2.De wereldmarkt voor bananen

Volgens de FAO 4 behoren bananen tot de wereldwijd meest geproduceerde, verhandelde en geconsumeerde vruchten. Bananen spelen een belangrijke rol bij de voedselzekerheid en de werkgelegenheid in verschillende minst ontwikkelde landen en landen met een voedseltekort, waar zij worden gebruikt als basisvoedingsmiddel voor lokale huishoudens en als handelsgewas.

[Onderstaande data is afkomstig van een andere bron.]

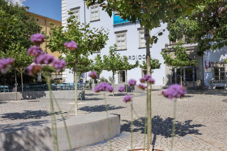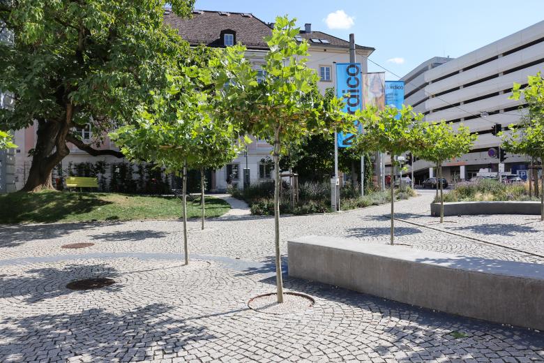 Eine Baumreihe aus Lederhülsenbäumen der Sorte Gleditsia Sunburst zieht sich entlang der Dametzstraße und wertet aus städtebaulicher Sicht den Straßenfreiraum auf. 14 Schirmplatanen kühlen den Platz ab und spenden Schatten für die Sitzskulptur und das Sitzangebot im Gastgarten. Die Schirmplatanen sind besonders für Stadtplätze geeignet, da sie weitgehend
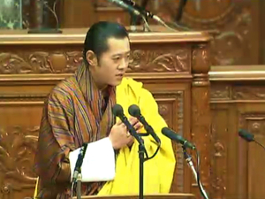 ブータン国王: 天皇皇后両陛下、日本国民と皆さまに深い敬意を表しますとともにこのたび日本国国会で演説する機会を賜りましたことを謹んでお受けします。衆議院議長閣下、参議院議長閣下、内閣総理大臣閣下、国会議員の皆様、ご列席の皆様。世界史においてかくも傑出し、重要性を持つ機関である日本国国会のなかで、私は偉大なる叡智、経験および功績を持つ皆様の前に、ひとりの若者として立っております。皆様のお役に立てるようなことを私の口から多くを申しあげられるとは思いません。それどころか、この歴史的瞬間から多くを得ようとしているのは私のほうです。このことに対し、感謝いたします。
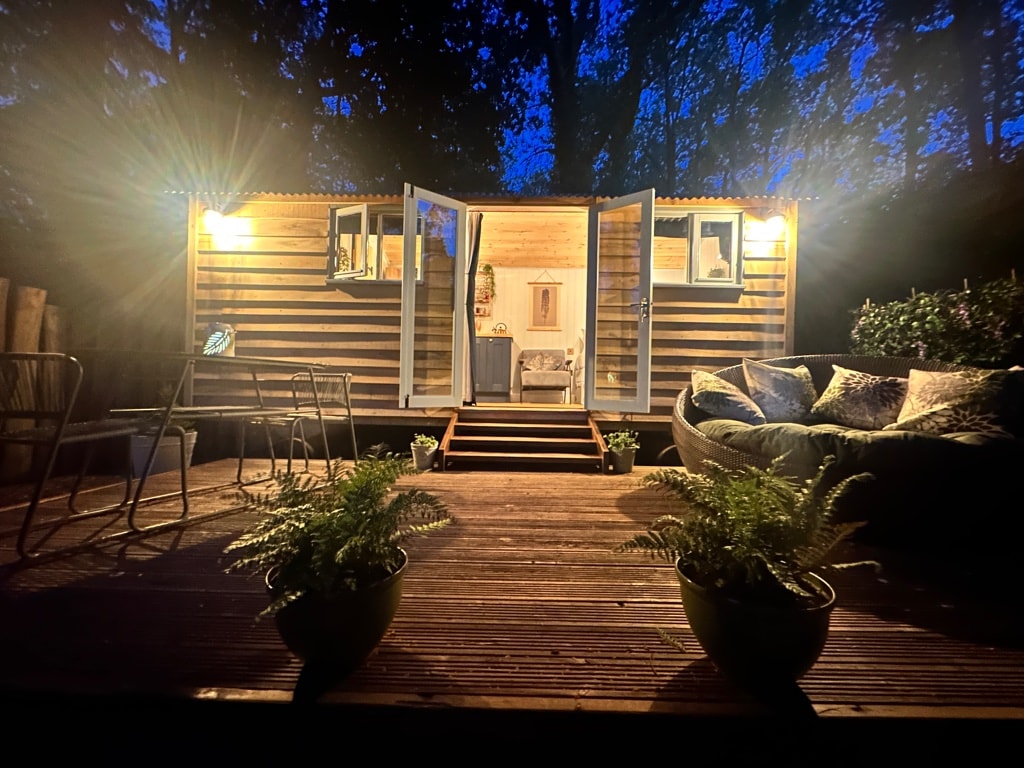Tucked away in the Herefordshire countryside, our hand-crafted shepherd’s hut is a secluded retreat designed for couples seeking peace and privacy. Inside, enjoy a cosy wood burner, double bed, ensuite shower room and a thoughtfully equipped kitchen with breakfast bar. Outside, unwind in your private Scandinavian wood-fired hot tub beneath the stars. A perfect year-round escape to slow down, switch off and explore the Welsh borders.

Bananen worden hoofdzakelijk geproduceerd in Azië, LatAm en Afrika. India en China zijn de grootste producerende landen, maar het grootste deel van hun productie wordt in eigen land verbruikt. De wereldhandel in bananen is ongekend toegenomen als gevolg van een aanzienlijke stijging van de totale importvraag en een sterke groei van het aanbod in de belangrijkste exporterende landen, met name Ecuador en de Filipijnen. De grootste importeurs in 2020 waren de EU (5,2 miljoen ton), de Verenigde Staten (4,2 miljoen ton), China (1,8 miljoen ton), de Russische Federatie (1,5 miljoen ton), Japan (1,1 miljoen ton) en het Verenigd Koninkrijk (1 miljoen ton) 5 . De bananenmarkt heeft dus een mondiale dimensie en diverse internationale en binnenlandse factoren kunnen van invloed zijn op het concurrentievermogen van de sector.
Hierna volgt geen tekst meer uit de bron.